> Instructions to follow: Reproduce without any pictures the lines from the one that contains "TTU, RedaksiDaerah.com - Prajurit" through the end of the records, exactly as written.

◆ ◆ ◆ ◆ ◆

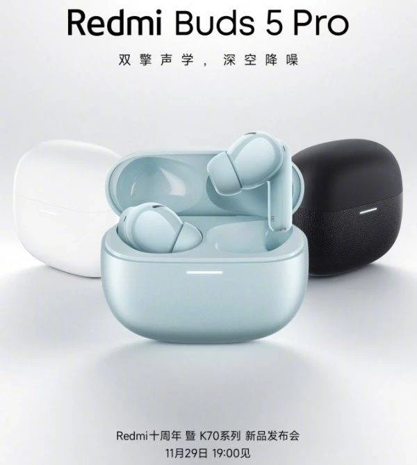 Беспроводные наушники Redmi Buds 5 Pro, в свою очередь, будут представлены в чёрном, белом и синем вариантах исполнения. Они будут оснащены системой активного шумоподавления, фильтрующей звуки громкостью до 52 дБА. В состав наушников Redmi Buds 5 Pro войдут 10-мм динамические драйверы с керамическим покрытием и 11-мм низкочастотные динамиками с титановым покрытием.
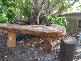 阿年見我們還沒有桌子,拿來了自己做的漂流木桌子,我們要竹子蓋休息亭,蓋廚房,他帶著我們去他地裡砍,大嫂也幫忙一起做,真的是很感動~山裡的人超淳樸的。
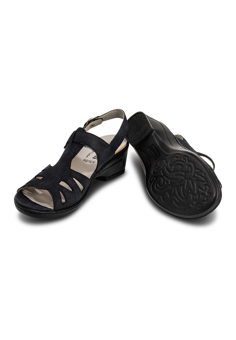 Der Heißhunger auf Sommer ist groß: High-Comfort-Gigant vitaform sorgt mal wieder für eine 1A Abhilfe und stillt alle schuhhungrigen Mäuler mit der sommerlich-schönen Sandalette aus wunderbar-geschmeidigem Nubukleder in einem tiefblauen Marineton, so endlos wie die Weiten des Ozean. Das atmungsaktive Lederfutter sorgt selbst bei besonders heißen Temperaturen für frische Füße, während die komfortable Premium-Innenausstattung, mit integriertem Luftpolsterfußbett, das Sommerglück perfekt macht.
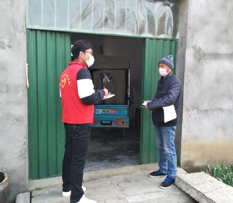 在作为志愿者的这些天,他每天早上八点在入村口卡点领取任务,服从村支书的工作部署。为了做好防疫工作每天与其他两名党员一起挨家挨户排查,走进每户人家后,对全家所有成员进行量体温、对该户进行卫生检查,最后询问是否有需要的物资——最基本的油盐米面,甚至日常的家用药(有的村民需要降血压药,有的需要排石颗粒),然后交给村委会统一购买。
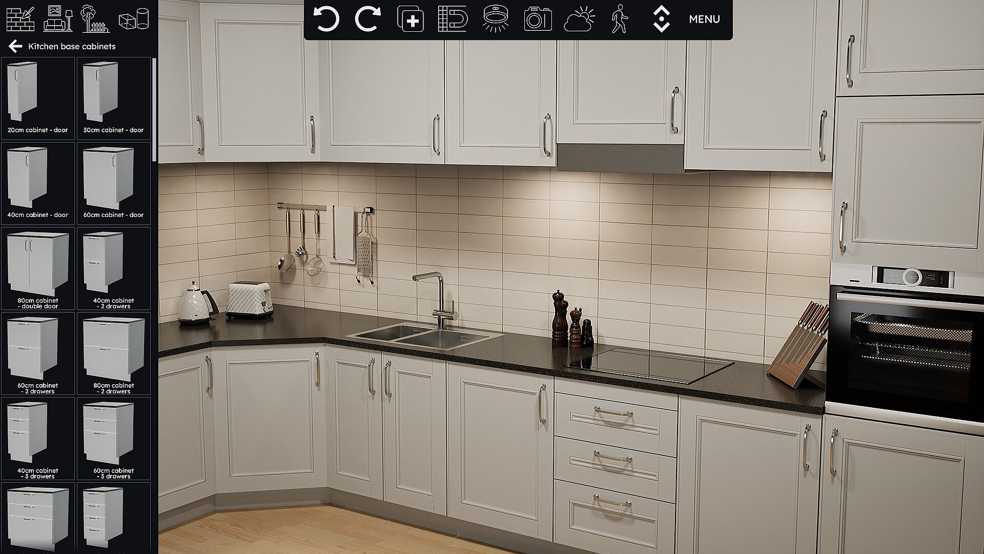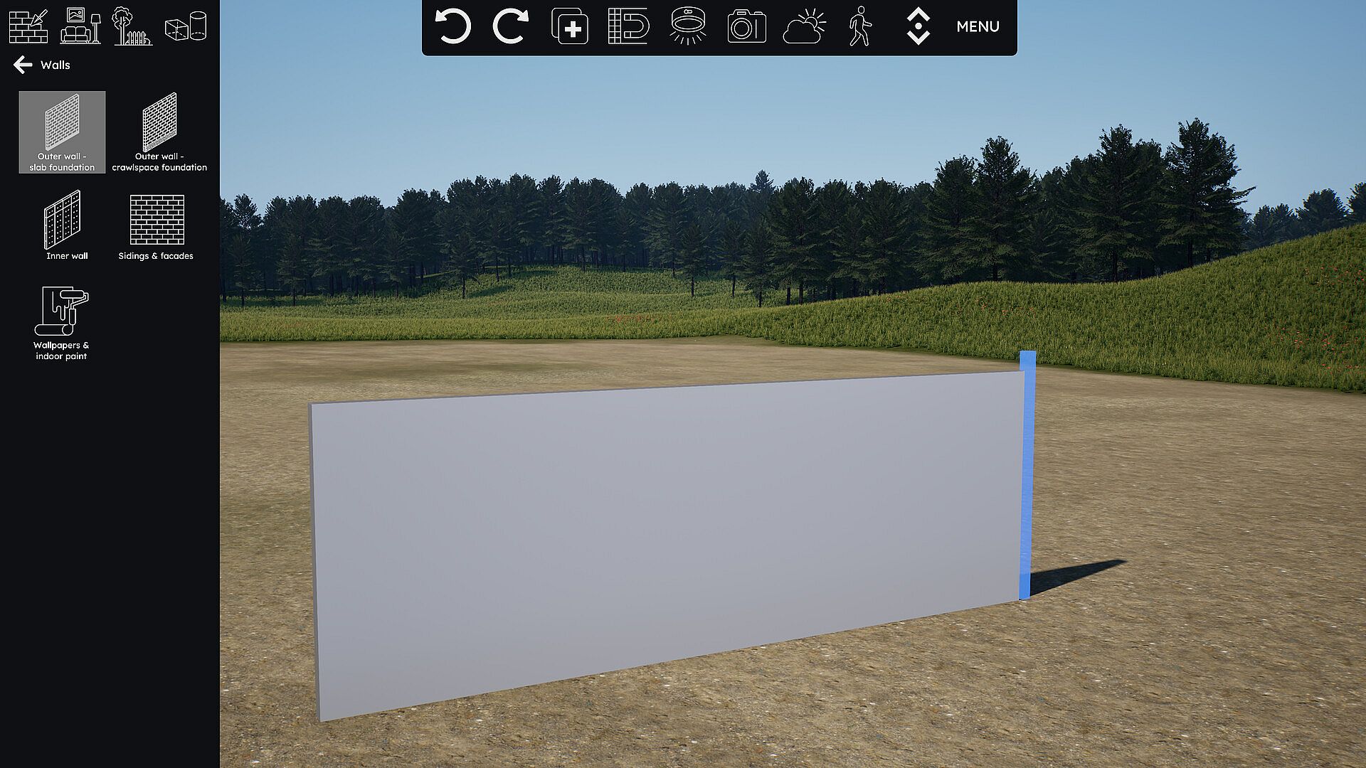 Build a house from the ground up by placing and adjusting walls, selecting facade materials and adding windows and doors.
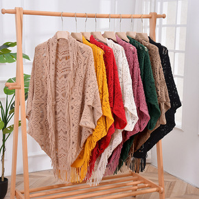 毛衣女2021新款中长款毛线衣针织衫流苏披肩秋冬斗...
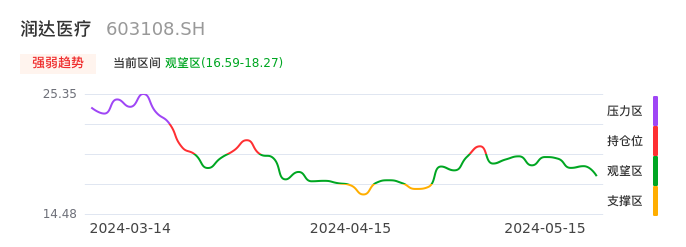 我们来看一下该股的九方特色指标强弱趋势的情况:润达医疗自04月30日从持仓区下穿到观望区,股价近期持续走弱。短期已经进入空头行情,且下跌动能仍未衰竭。建议继续谨慎观望。
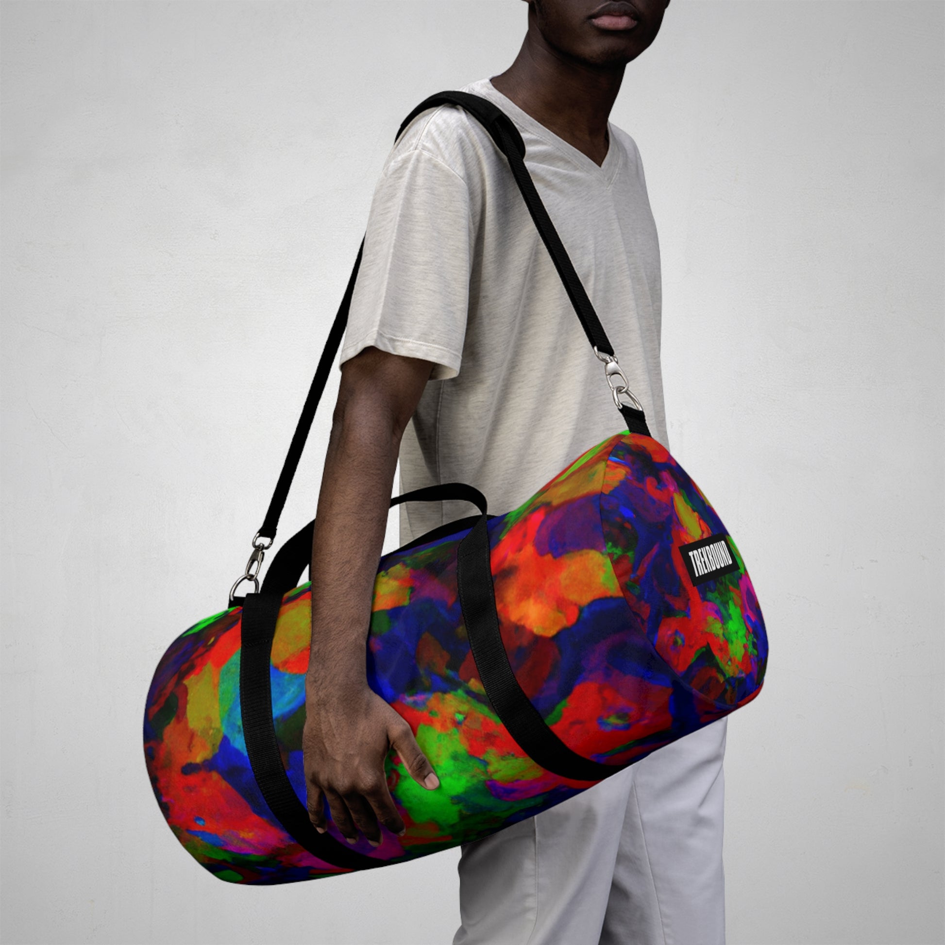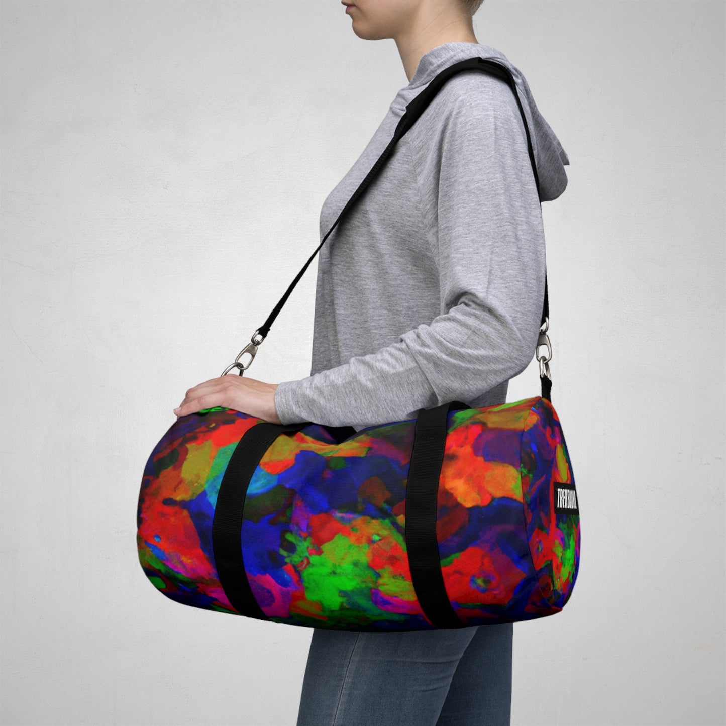 This duffel bag is perfect for the creative digital artist. Featuring an abstract geometric textured pattern with cool colors, this stylish and practical bag is perfect for transporting your artwork or any other items you need. It's great for sports, travel, everyday use, and more. It's a great way to stand out as a creative artist and have the practicality and convenience of a duffel bag. #GeometricDesigns #DigitalArt #ArtistsGear # DuffelBag #AbstractTilePattern #GraphicDesign #CoolColors #SportyStyle #TravelEssentials #UrbanLife #FashionAndFunction
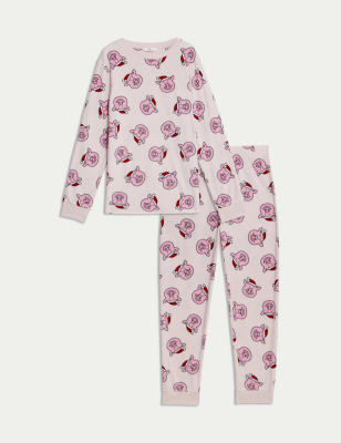Percy Pig™ has got his festive hat on for Christmas in these fun printed pyjamas. Regular fit. Includes a cosy long-sleeved top and a pair of full-length bottoms with an elasticated waist for comfort. Both are made from soft fleece fabric.
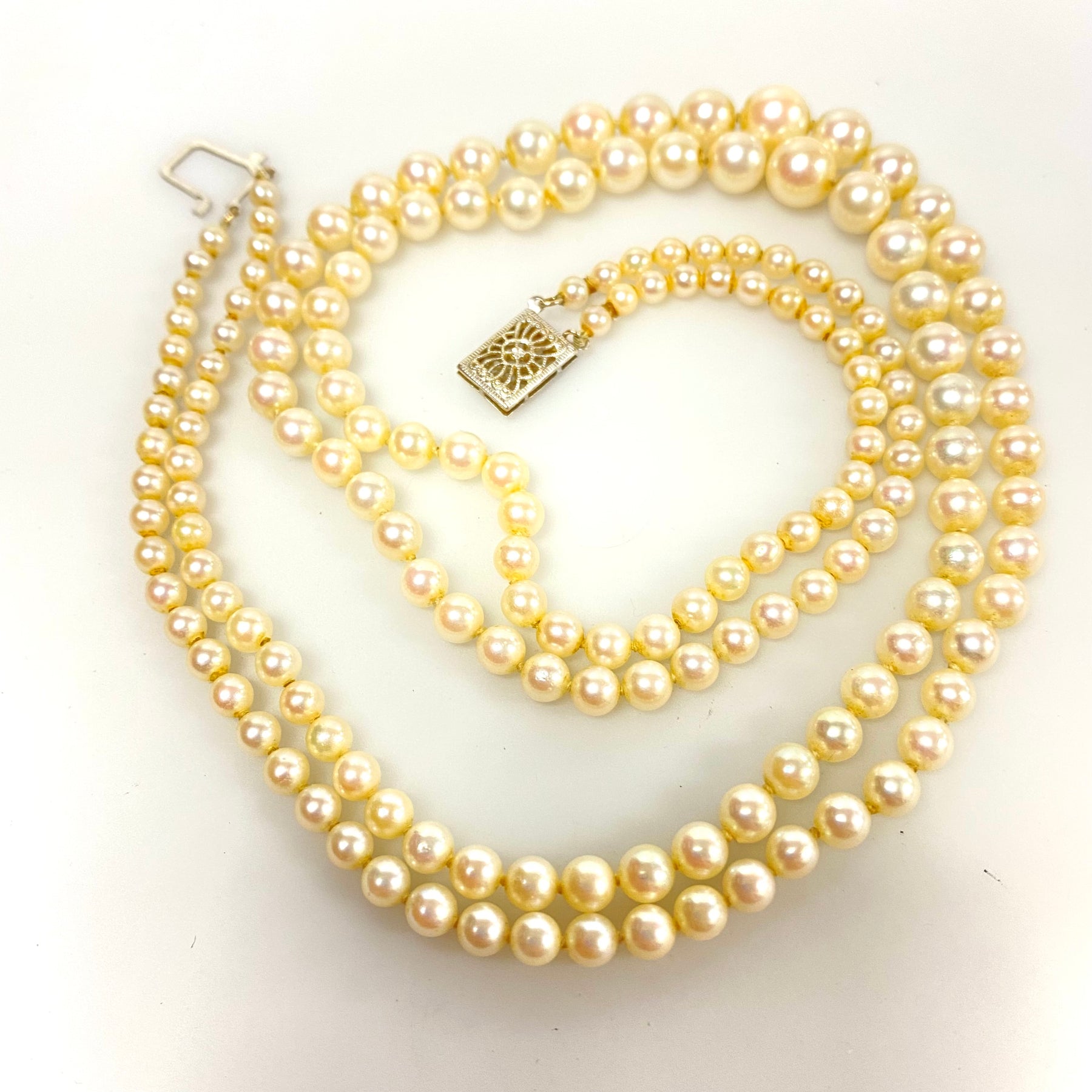 * Natural White Pearl Beaded necklace. Beads are approx. 3mm to 7mm in diameter. Necklace is composed of 2 strings 16" long and 17" long. 14K White Gold Filigree Lock(stamped), white gold tone.
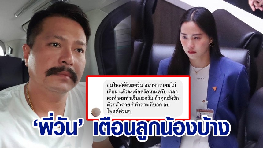 พร้อมแนบรูปแชตที่ลูกน้อง นายวัน ส่งข้อความมาข่มขู่ขอให้ลบ ปรากฏข้อความว่า "ลบโพสต์ด้วยครับ อย่าหาว่าผมไม่เตือน แล้วจะเดือดร้อนนะครับ เวลาผมทำผมทำเจ็บนะครับ ถ้าคุณยังรักตัวกลัวตาย ก็ทำตามที่บอก ลบโพสต์ด่วนๆ"
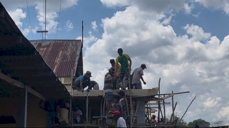 TTU, RedaksiDaerah.com - Prajurit Satgas Pamtas RI-RDTL Sektor Barat Yonarhanud 2 Kostrad Pos Haumeniana mengadakan gotong royong pengecoran atap Gereja Kapela Haumeniana bersama masyarakat Desa Haumeniana, Kecamatan Bikomi Nilulat, Kabupaten TTU, Rabu (05/11/2025)
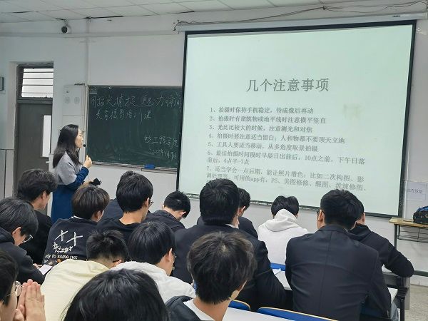 本次培训课由朱兰芳副教授为我院学生授课,授课期间朱兰芳老师简单介绍了手机相机的各种功能和设置,然后结合图片讲解了手机拍照的七个技巧,并分享了拍摄要点。随后,朱老师结合我院学生在拍摄班级活动照片时存在的问题进行指导和纠正。参加培训的学生聚精会神,认真听讲,全方位开发了自己手机潜藏的拍照功能,并通过现场实践教学,拓宽了摄影的知识面,掌握了更多了拍照技巧。

◆ ◆ ◆ ◆ ◆

> Reply to the exercise:
 TTU, RedaksiDaerah.com - Prajurit Satgas Pamtas RI-RDTL Sektor Barat Yonarhanud 2 Kostrad Pos Haumeniana mengadakan gotong royong pengecoran atap Gereja Kapela Haumeniana bersama masyarakat Desa Haumeniana, Kecamatan Bikomi Nilulat, Kabupaten TTU, Rabu (05/11/2025)
 本次培训课由朱兰芳副教授为我院学生授课,授课期间朱兰芳老师简单介绍了手机相机的各种功能和设置,然后结合图片讲解了手机拍照的七个技巧,并分享了拍摄要点。随后,朱老师结合我院学生在拍摄班级活动照片时存在的问题进行指导和纠正。参加培训的学生聚精会神,认真听讲,全方位开发了自己手机潜藏的拍照功能,并通过现场实践教学,拓宽了摄影的知识面,掌握了更多了拍照技巧。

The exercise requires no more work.